Museum in Paris, France

The Gallery of Paleontology and Comparative Anatomy (in French, Galerie de Paléontologie et d'Anatomie comparée) is a part of the French National Museum of Natural History (Muséum national d'histoire naturelle, MNHN). It is situated in the Jardin des plantes in Paris near the Gare d'Austerlitz.

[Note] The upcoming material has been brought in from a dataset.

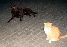 帰路のタクシーを探しにスカンジナビア・ホテルへ来たら、FILAのマルティニティ会長にばったり。 | 選手宿舎で飼っている犬と猫、仲良く共存していました。 |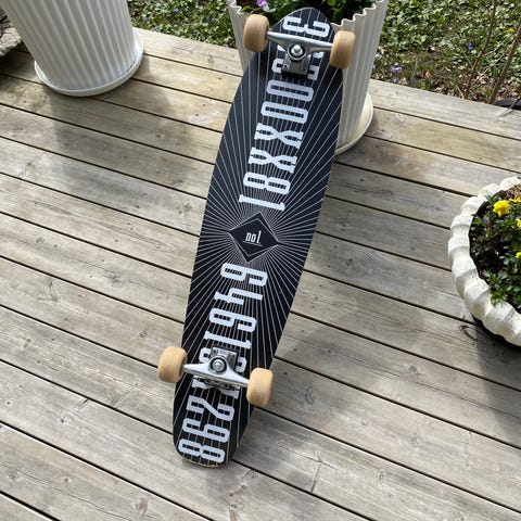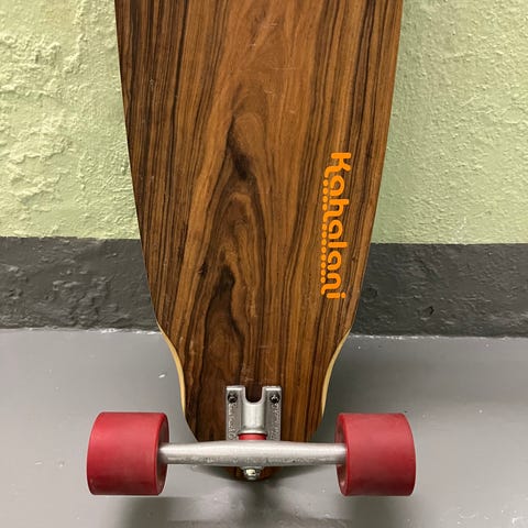 Kahalani Longboard Skateboard med träplatta och lila hjul. Hjulstorlek är 75 mm med hårdhet 78A. Passar för allmän användning inom skateboarding.

The Gallery of Comparative Anatomy (occupying the ground floor), holds nearly a thousand skeletons and interprets their organization and classification. The Gallery of Paleontology (occupying the first and second floor) presents a famous collection of fossil vertebrates, fossil invertebrates and fossil plants. Among the most appreciated pieces by the public is a series of dinosaur skeleton casts (Diplodocus, Iguanodon, Allosaurus, Carnotaurus, Tarbosaurus, Unenlagia, Dromaeosaurus, Bambiraptor) but also a Tyrannosaurus skull (cast of specimen AMNH 5027), an authentic skull of Triceratops, an authentic Compsognathus skeleton, and some authentic fossilised skeletons of other extinct animals like Sarcosuchus, Cynthiacetus, Mammuthus meridionalis, Mammuthus primigenius, Megatherium, Thalassocnus, Ursus spelaeus, Panthera leo spelaea, Aepyornis and many others.

== History ==
The project of a "Gallery of Paleontology, Comparative Anatomy and Anthropology" started in the late 1880s when the Galerie de Zoologie (Gallery of Zoology) was inaugurated in 1889. (Note: Since 1994, this Galerie de Zoologie (Gallery of Zoology) has been renamed as the grande Galerie de l'Évolution or Gallery of Evolution as it is called in English.) The collections in the former galleries of comparative anatomy (founded by Georges Cuvier in 1802 and constituted by bones, skeletons and preserved organs) were running out of room in the 1880s and 1890s and the inauguration of the Gallery of Zoology (mainly constituted by stuffed animals) encouraged this project, proposed by professors Albert Gaudry (Professor of Paleontology), Georges Pouchet (Professor of Comparative Anatomy) and Armand de Quatrefages (Professor of Anthropology), who wished to preserve and present to the public collections of great historic and scientific importance. In addition, two approaching events led to make concrete the project: the first centennial of the French National Museum of Natural History (1793-1893) and the Exposition Universelle de Paris of 1900. In 1892 the Muséum national D'Histoire Naturelle appointed the French architect Ferdinand Dutert to design the building and produce the drawing plans, and the works were launched in 1893, lasting until 1898. After that, the collections in the former building (Galleries of Comparative Anatomy, founded by Cuvier in 1802, and Gallery of Anthropology, founded by Quatrefages in 1855) were transferred to the new building, which was inaugurated on 21 July 1898. Even in the present day, the collections derive from the great expeditions of the traveller-naturalists of the 18th and 19th centuries as well as from the ménagerie du Jardin des plantes (one of the oldest zoos in the world).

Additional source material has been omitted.